Walt and mom had found, through a friend of a friend, a farm in Jennings County, Indiana that took in troubled boys. It was a religious organization I was told, and the boys were required to go to church and study the Bible. They also attended school and were required to do chores. The farm was in a very rural, heavily wooded area, with the Muscatatuck wildlife refuge and several parks and recreation opportunities close by. It sounded like a place Micheal would love. Except he didn’t.

He had good reasons. He hadn’t been there more than three days when he was calling me, begging for me to come get him. I wanted to. I just couldn’t, but I promised to come see him as soon as I could.

Days later, I pulled up next to an old brick farmhouse set in the middle of a wooded, hilly area. The house had been painted white at one time, but that was many years ago. There were huge swaths along the chimney and at various places where the guttering had given way and moisture had lifted all the paint from the surface, exposing the red brick underneath. The back-storm door opened onto a porch that functioned as a hallway. It was a room reduced to a hallway by the boxes filled with books and miscellaneous junk stacked head high. This walkway continued into the next room and then the next. Unfamiliar with what hoarding was, I was shocked, not the least by the intense scent of mildew that was nearly overpowering. I was comforted to know that Micheal didn’t stay there. The boys only came to the main house at mealtimes and for church. They had a bunkhouse a few yards from the main house. My hope of a better condition was quickly diminished by the discovery that what the bunkhouse lacked in mildew, it made up for in filth. The day was very warm, early fall, and the doors and windows were wide open, allowing a multitude of flies into the building. I stepped inside, my shoes crunching on the dried mud that had been deposited on the cement floor. The main room was long and narrow, maybe 15’x 30’. Along one wall was a woodstove, and next to it was a pile of wood at the ready for the cool nights and mornings that came with the change of season. Bits of bark and wood were scattered along with the clumps of dried mud on the floor.
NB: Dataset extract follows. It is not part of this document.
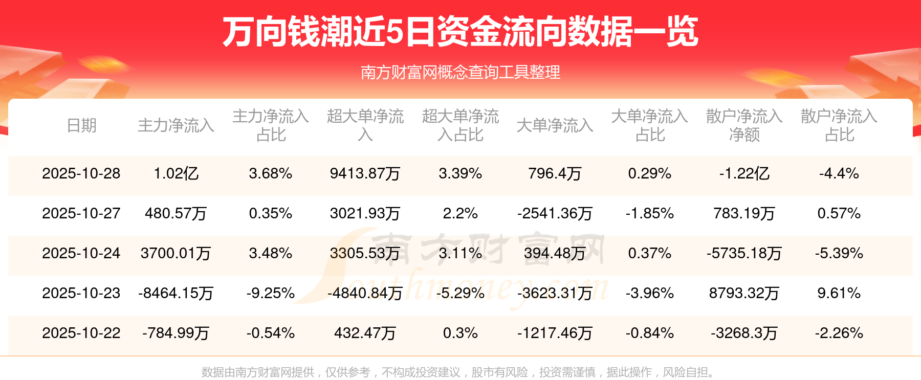 10月28日消息,万向钱潮10月28日主力净流入1.02亿元,超大单净流入9413.87万元,大单净流入796.4万元,散户净流出1.22亿元。

Off this room was a bathroom that had a stained toilet and a sink whose faucet had been leaking so long the ceramic was eroded underneath. The shower was a cement floored, mildewed stall that had been painted over. Specks of peeled paint littered the cement, which sloped down sharply toward a narrow drain. It was so sharp and deep a person would need to straddle the drain to take a shower. The two sets of bunkbeds in the main room were made from 2×4 and plywood, used at the time by three boys ranging in age from fifteen to eighteen, with Micheal being the youngest and newest resident. The beds were unmade with soiled sheets and pillowcases. Micheal lay on the bottom bunk of one of the beds, sick with a fever. I sat on the edge of the bed beside him. Crying, he begged me to take him home.

I could give a million excuses for why I didn’t take him home that day, beginning with there was no other place to send him; there was no other “help” available, but the truth is I wanted peace in my household more than I wanted to take care of my son, more than I wanted him to have a clean environment to live in. I wanted peace in my relationship with Chris, I wanted a home for the other three boys that wasn’t constantly disrupted and influenced by the behavior of the one boy. The truth is it was easier to bear the guilt and grief of leaving my sick child in those deplorable conditions than it was to bear the disapproval of my husband and the friction from my stepfather for bringing him home.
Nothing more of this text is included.